Monopar’s collaborator, the Cancer Science Institute of Singapore at the National University of Singapore, is testing MNPR-202 in preclinical cancer models and the Company is awaiting initial results.

Results for the First Quarter Ended March 31, 2022, Compared to the First Quarter Ended March 31, 2021

Cash and Net Loss

Cash and cash equivalents as of March 31, 2022 were $17.8 million.
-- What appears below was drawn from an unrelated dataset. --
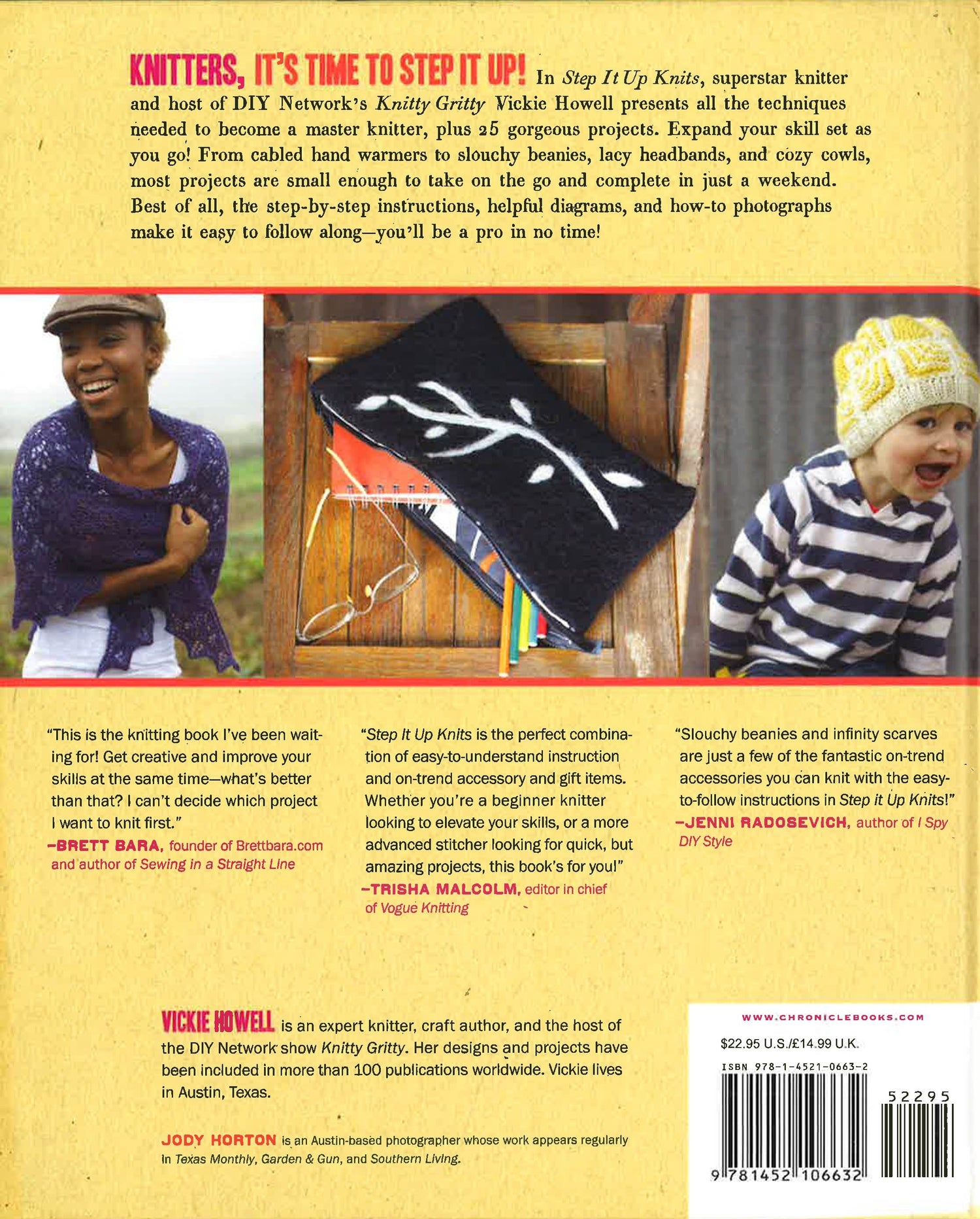 In Step It Up Knits, knitting superstar and Caron Yarns Celebrity Spokesperson Vickie Howell presents all the techniques needed to become a master knitter, plus 25 gorgeous projects. From cabled wrist warmers to slouchy beanies, lacy headbands, and cozy cowls, each project is small enough to take on the go and whip up in just a weekend. The step-by-step photographs, detailed instructions, helpful diagrams, and inspiring project shots make it easy to follow along. Beginners will become pros in no time!

Monopar anticipates that its current cash and cash equivalents will fund: the Phase 2b portion of the VOICE clinical trial; the commencement of the Phase 3 portion of the VOICE clinical trial; and the Phase 1b camsirubicin clinical trial through at least June 2023. The Company plans to raise additional funds and/or engage a partner within the next 12 months to complete the VOICE clinical program and continue camsirubicin clinical development through and beyond the ongoing open-label, dose escalation Phase 1b clinical trial.

Net loss for the first quarter of 2022 was $2.5 million or $0.19 per share compared to net loss of $1.9 million or $0.16 per share for the first quarter of 2021.

Research and Development (R&D) Expenses

R&D expenses for the three months ended March 31, 2022 were $1,678,000, compared to $1,207,000 for the three months ended March 31, 2021. The increase of $471,000 is attributed to (1) an increase of $244,000 in Validive clinical trial-related and clinical material manufacturing-related expenses, (2) an increase of $193,000 in R&D personnel expenses and (3) a $34,000 net increase of other R&D expenses.

General and Administrative (G&A) Expenses

G&A expenses for the three months ended March 31, 2022 were $779,000, compared to $688,000 for the three months ended March 31, 2021. The increase of $91,000 is primarily attributed to an increase in G&A personnel expenses.